The temptation for people with such diseases has been to buy cannabis illegally from a criminal and then use it in the same way as those who take it recreationally by smoking it. This is obviously bad for them, whereas a properly formulated drug does not involve smoking, contains a standardised dose and does not necessarily involve a psycho-active effect.

The Scotsman today reports on the plight of five-year Murray Gray, who regularly has epileptic seizures. He has been taking several medicines, including steroids, but is still having seizures and there have been side-effects. His mother Karen has now launched a petition designed to persuade politicians to allow the medical use of cannabis-based CBD oil, which she believes could help him, on the NHS.

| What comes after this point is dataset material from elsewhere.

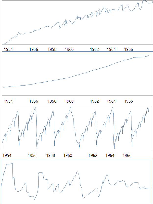 ① 경향(Trend) ② 계절성 ③ 예측 ④ 잔차

In England, the Home Office is considering allowing medical cannabis to be used to help a six-year-old boy, Alfie Dingley, who also has epilepsy, as part of a trial. He has been having cannabis treatment in the Netherlands, prescribed by a paediatric neurologist, which has coincided with a reduction in his seizures. Once he had up to 30 a day, but while taking the drug he went 27 days without having one.

Politicians seem to be finally realising they have been blinded to the potential medical uses by the illegal trade in the drug. It would be wrong to legalise recreational cannabis use, particularly given the evidence that excessive use can cause mental health problems. But that should not prevent scientists and doctors from developing useful medicines to help people who are suffering.